When the caller doesn't use std::move(), a copy constructor is always called to create the temporary object. If we were to use void someFunction(const std::vector<std::string> & items) and our m_items was already big enough (in terms of capacity) to accommodate items, the assignment m_items = items would have been only a copy operation, without the extra allocation.

Summary:

If you know in advance that this object is going to be re-set many times during runtime, and the caller doesn't always use std::move(), I would have avoided it. Otherwise, this is a great option, since it is very flexible, allowing both user-friendliness and higher performance by demand despite the problematic scenario.

Option 3

Cons:

This option forces the caller to give up on his copy.
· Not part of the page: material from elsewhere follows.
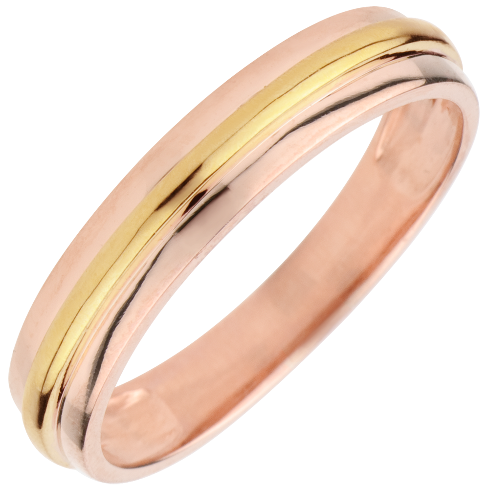 Een glanzende geelgouden ring op een trouwring met een witgouden lint. Een klassieker revisited, modern en elegant.…

So if he wants to keep a copy to himself, he must write additional code:
```
std::vector<std::string> vec { ... };
Test t;
t.someFunction(std::vector<std::string>{vec});
```

Summary:

This is less flexible than Option #2 and thus I would say inferior in most scenarios.

Option 4

Given the cons of options 2 and 3, I would deem to suggest an additional option:

void someFunction(const std::vector<int>& items) {
    m_items = items;
}

// AND

void someFunction(std::vector<int>&& items) {
    m_items = std::move(items);
}

Pros:

It solves all the problematic scenarios described for options 2 & 3 while enjoying their advantages as well
Caller decided to keep a copy to himself or not
Can be optimized for any given scenario

Cons:

If the method accepts many parameters both as const references and/or rvalue references the number of prototypes grows exponentially

Summary:

As long as you don't have such prototypes, this is a great option.

回答4:

The current advice on this is to take the vector by value and move it into the member variable:

void fn(std::vector<std::string> val)
{
  m_val = std::move(val);
}

And I just checked, std::vector does supply a move-assignment operator. If the caller doesn't want to keep a copy, they can move it into the function at the call site: fn(std::move(vec));.